Evorel

Evorel is a transdermal oestrogen-only HRT patch delivering estradiol through the skin to relieve menopausal symptoms and prevent postmenopausal osteoporosis.

It is prescribed for women who have undergone a hysterectomy and therefore do not require the endometrial protection that a progestogen provides.

Estradiol is a naturally occurring form of oestrogen that declines significantly during and after the menopause.

This decline causes vasomotor symptoms such as hot flushes and night sweats, genitourinary changes including vaginal dryness, and contributes to accelerated bone loss.

Transdermal estradiol replacement restores circulating oestrogen levels to a range that alleviates these symptoms.

The transdermal route offers pharmacokinetic advantages over oral oestrogen.

By bypassing first-pass hepatic metabolism, it avoids stimulating hepatic production of clotting factors, sex hormone-binding globulin, and C-reactive protein.

This may translate into a lower risk of venous thromboembolism and may have a more favourable effect on lipid profiles.

Evorel patches are available in four strengths (25, 50, 75, and 100 micrograms per 24 hours), allowing flexible dose titration to the individual patient's needs.

Apply one patch to a clean, dry, and non-irritated area of skin below the waist, such as the lower abdomen or upper buttock. Avoid the breasts and the waistline.

Press the patch firmly for approximately 10 seconds to ensure good adhesion.

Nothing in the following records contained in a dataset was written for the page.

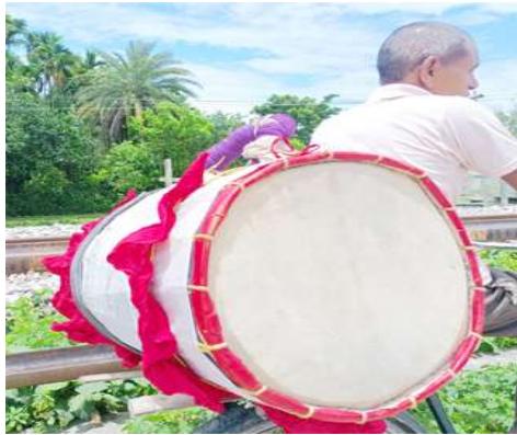
চিত্র : ঢাক
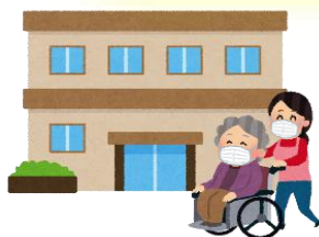
高齢者施設など に行くとき
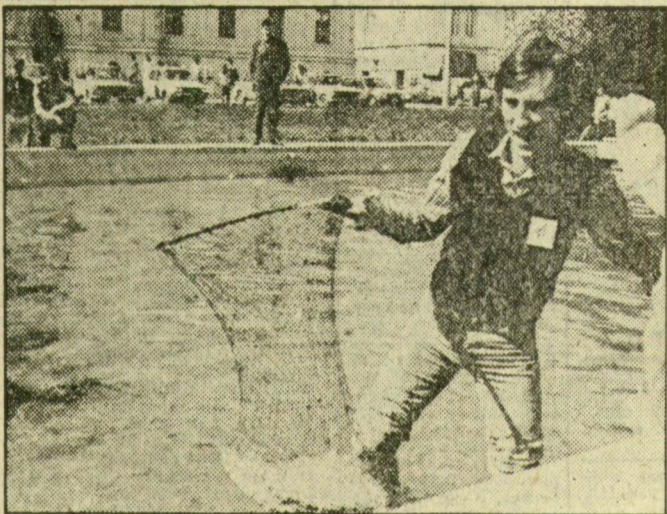
Hallgatók — a Széchenyi téri diszmedencében

Midőn pedig este 8 óra előtt a fenti központba érkezett csapatok kíséretében az adott vállalatok vonzó tűzoltóöltözékben pompázó párttitkárai beadták a jelentést a zsűrielnök Tóth Tamás nak — ki civilben a városi KISZ-bizottság első titkára ugyan, de hasonló szerelésben (bár a kellenél néhány számmal kisebb tányérsapkában) feszített — már a végső csúcspont előtt állunk. A szakszervezeti funkcionáriusok tüzet oltottak (ez a dolguk, nem?), a behozott cicapéldányok pon-
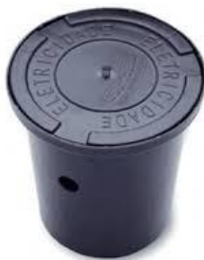
Figura: Caixa de inspeção de aterramento.

ou similar. A instalação do aterramento deverá ser conforme detalhe apresentado no projeto do SPDA.
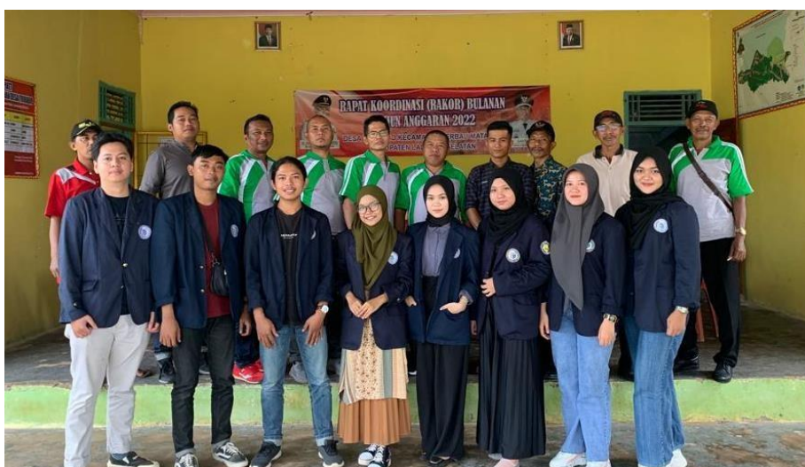
Gambar 2.1 Persetujuan kerja sama dengan Pihak Desa Triharjo
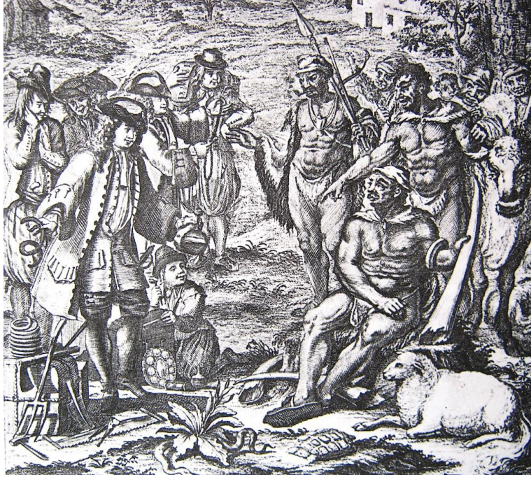
P. Kolb: Naauwkeurige ... beschrijving van de Kaap... . Amsterdam, 1731.

In September 1716 word 'n veeruil-ekspedisie onder poshouer Swartsenberg van die vervoerpos De Schuer na die Klein-Namaqua gestuur. Hy het twee korporaals, vier-en-twintig soldate en 'n wamaker vir hul drie waens. Hul ruilgoed is 500 pond tabak, drie-en-'n-half aam arak (1 aam = 144 l.), 60 000 koper- en glaskrale, pype en tonteldose. Hulle kom in November terug met 288 trekbeeste vir die vervoerdiens.
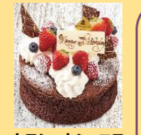
クラシックショコラ
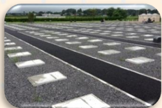
すがた川霊園墓地
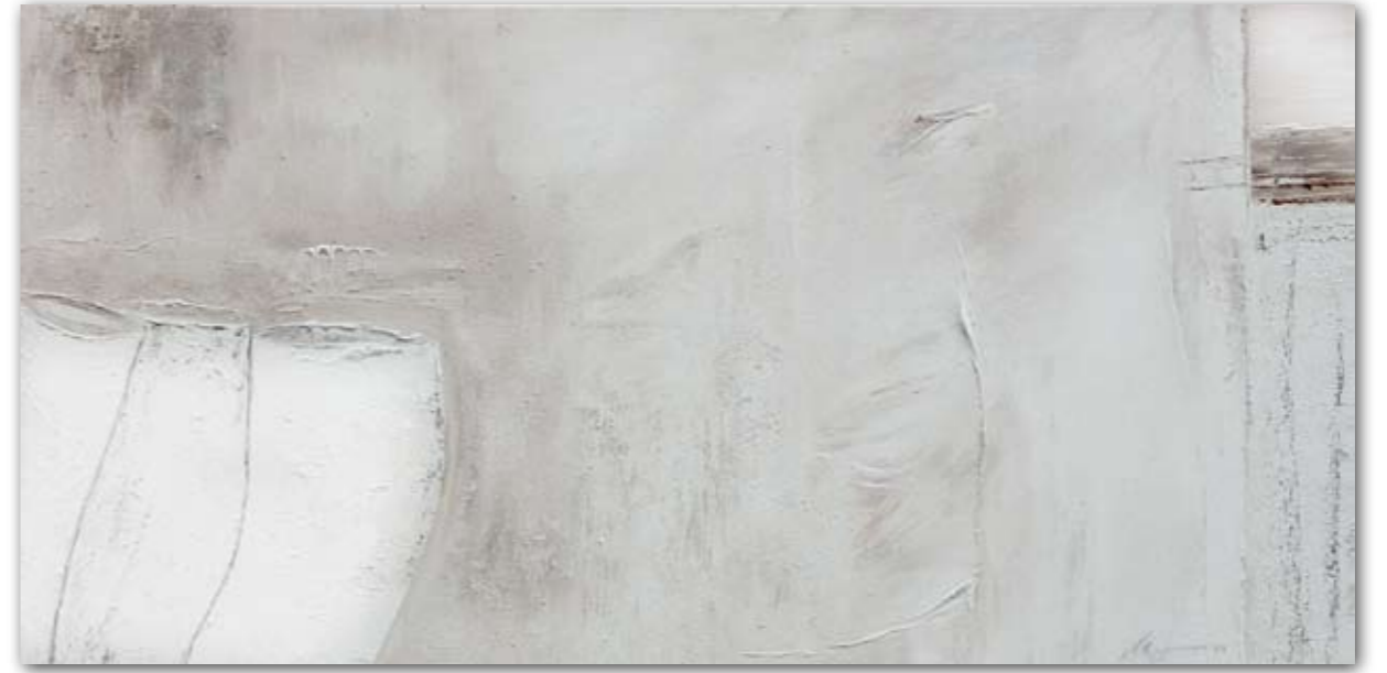
Stilleben 60 cm x 120 cm Acryl/Sand · 2007

Change the patch twice weekly, every three to four days, alternating the application site. Do not apply to the same spot two patches in a row.

If a patch loosens or falls off, apply a replacement and change on the scheduled day.

Continue treatment for as long as your prescriber recommends and attend regular reviews at least once a year.

Begin with the lowest effective dose, typically Evorel 25 or 50, applied twice weekly.

Dose may be increased after four to eight weeks if symptoms are not adequately controlled, up to a maximum of Evorel 100.

Women who have not had a hysterectomy require additional progestogen for at least 12 to 14 days per cycle to protect the endometrium.

In this case, a combined product or separate progestogen should be prescribed alongside Evorel.

Application site reactions including redness and itching are reported in approximately 10 to 15 per cent of users and are usually mild.

Breast tenderness, headache, and nausea are the most common systemic side effects.

Fluid retention causing bloating, weight fluctuation, and leg cramps may occur. Mood changes, including low mood or irritability, have been reported.

Serious risks include venous thromboembolism (lower risk than with oral oestrogen), stroke, and a possible small increase in the risk of ovarian cancer with long-term use (greater than five years).

Oestrogen-only HRT does not appear to increase the risk of breast cancer in women with a hysterectomy when used for fewer than seven years.

Rarely, liver function abnormalities, gallbladder disease, or exacerbation of pre-existing conditions such as migraine or endometriosis may occur.

Women using Evorel who have an intact uterus must take a progestogen in addition to protect against endometrial hyperplasia and cancer.

Using oestrogen alone without progestogen in this group is associated with a significantly increased risk of endometrial cancer.

HRT should be used at the lowest effective dose for the shortest necessary duration. Attend regular breast screening and report any new breast symptoms.

Seek urgent medical attention for sudden chest pain, breathlessness, or leg swelling.

Inform your prescriber of your full medical history, including any personal or family history of breast cancer, blood clots, or liver disease.

Evorel is contraindicated in women with known or suspected breast cancer, other oestrogen-dependent neoplasms, undiagnosed vaginal bleeding, untreated endometrial hyperplasia, active or past venous or arterial thromboembolism, acute liver disease, and known hypersensitivity to estradiol or any component of the patch.

It must not be used during pregnancy or breastfeeding, or in women with a history of porphyria.